The Empty Family
- First edition cover
- Author: Colm Tóibín
- Language: English
- Genre: Short Story Collection
- Publisher: Scribner
- Publication date: 1 October 2010
- Publication place: Ireland
- Media type: Print (hardcover)
- Pages: 288 pp (hardback)
- ISBN: 978-1-4391-3832-8
- Preceded by: Brooklyn

= The Empty Family =

2010 collection of short stories by Colm Tóibín

The Empty Family is a collection of short stories by Irish writer Colm Tóibín. It was published in the UK in October 2010 and was released in the US in January 2011.

==Reception==
The Empty Family was shortlisted for the 2011 Frank O'Connor International Short Story Award.
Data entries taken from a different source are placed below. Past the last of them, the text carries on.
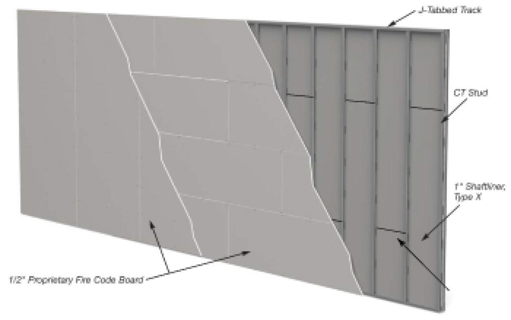 Shaftwall System consists of 1" shaftliner panels supported by 2-1/2", 4" or 6" C-T Studs and faced on one side with two layers of 1/2" fire code board.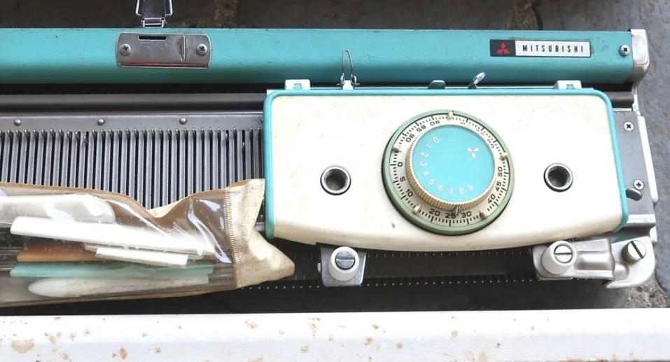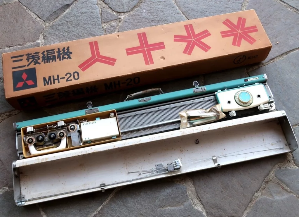 Mitsubishi MH-20 knitting machine is a standard-gauge machine with 200 needles. It is very likely a standard-gauge machine, thus, the distance between needles is 4.5 mm.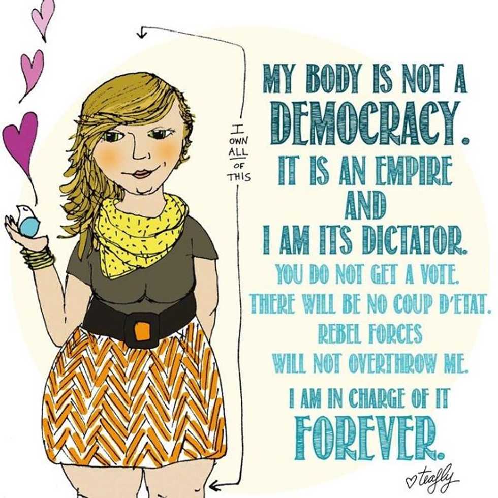 On September 19th my mother shared with me a post by the artist Teafly on Facebook. The post entailed a picture of a woman standing by a quote that stated, “my body is not a democracy. It is an empire and I am its dictator. You do not get a vote. There will be no coup d’état. Rebel forces will not overthrow me. I am in charge of it forever”. Now, while this image is meant to inspire body confidence, a major issue facing all women, I could not help but apply these thoughts and statements to the current arguments about Planned Parenthood, another example of how, once again, the woman’s body is being left up to a vote.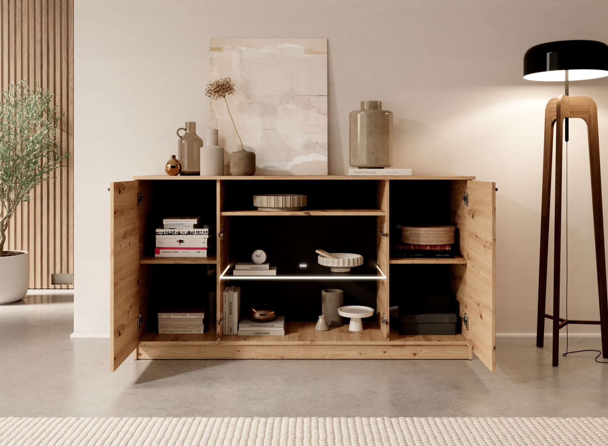 Az Evi I weboldal az elegancia és a funkcionalitás harmonikus összekapcsolása, amelyet azok számára hoztak létre, akik értékelik mind az esztétikát, mind a tér praktikus kihasználását. Artisan színe finom, de kifinomult hangsúlyt ad minden belső térnek, kiemelve annak jellegét.A weboldal egyszerű formája biztosítja, hogy sokféle elrendezéshez illeszkedjen, legyen az modern vagy klasszikus. A precízen kivitelezésű üvegezés könnyedséget kölcsönöz és megnyitja a teret, lehetővé téve annak tartalmának elegáns és bájos bemutatását. LED világítás készletben.

Bryan Lynch wrote in the Irish Independent that the "stories are always intensely interesting and sometimes profoundly provocative", noting that the sexually frank depictions required great courage. Keith Miller in The Daily Telegraph described the book as an "exquisite and almost excruciating collection". The Irish Times journalist Heather Ingman noted that most of Tóibín's familiar themes are present but with the addition of a "hard-won wisdom", giving rich rewards to the reader. Many reviewers commented on the fact that Tóibín's prose has become ever more spare and refined, with Ingman inviting readers "to read slowly and savour the silences between the words".